Thank you for sharing the solution. I have to admit that the ARM build
happened faster than I thought it will. Regarding rdtsc() - in fact, you
may return 42, but the proper function would be great. As the header
name says - it is only for execution time measurements and it is not
critical for the application operation. By the way - did not you have
any problems with OpenGL?
Kind regards,
Orson
On 11/25/2013 05:21 PM, Robert Yates wrote:
Two problems to fix in order to allow compiling for ARM.
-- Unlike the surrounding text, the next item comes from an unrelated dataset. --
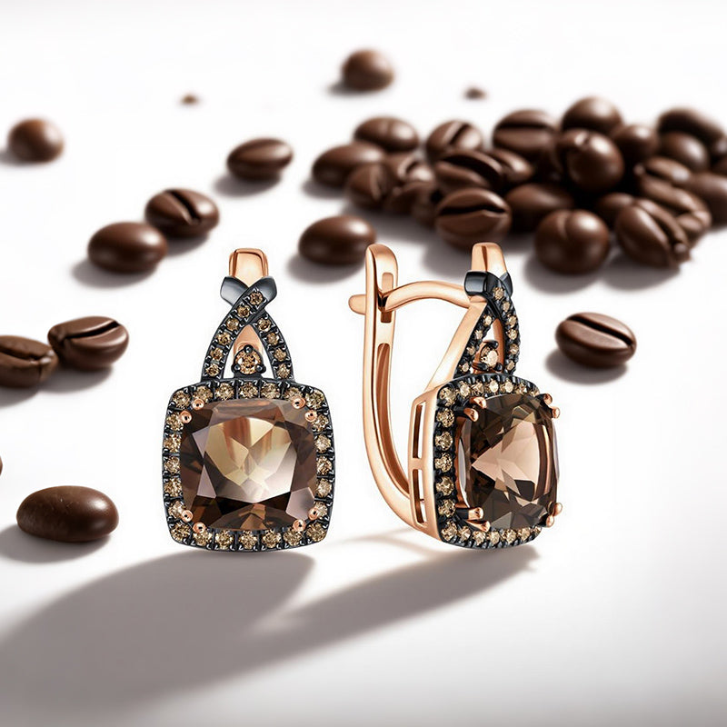 Sotiya Two Tone Halo Cushion Cut Coffee Hoop Earrings Sterling Silver

The first was to add the proper "Boost::Context assembly wrapper" files
for ARM, and modify common/system/fcontext.s to include them. The files
'jump_arm_aapcs_elf_gas.S' and 'make_arm_aapcs_elf_gas.S' I acquired
from the boost_1_55_0.tar.bz2 download from http://www.boost.org/
The second parch is for a fake rdtsc() function in include/profile.h to
make the compiler happy. I'm not a c++ programmer so I don't actually
know what the right thing to do is, but I'm sure returning the number
'42' isn't it. ;-) There seems to be a cycle counter register built
into ARM CPUs similar to the TSC register in x86 CPUs, but reading it is
not trivial just google 'arm cycle counter' to see what I mean.
But with these two patches I'm able to compile under Arch linux ARM on
my Chromebook
(http://archlinuxarm.org/platforms/armv7/samsung/samsung-chromebook) and
it seems to be running well.
Both patches are against revision 4499 of the lp:kicad branch.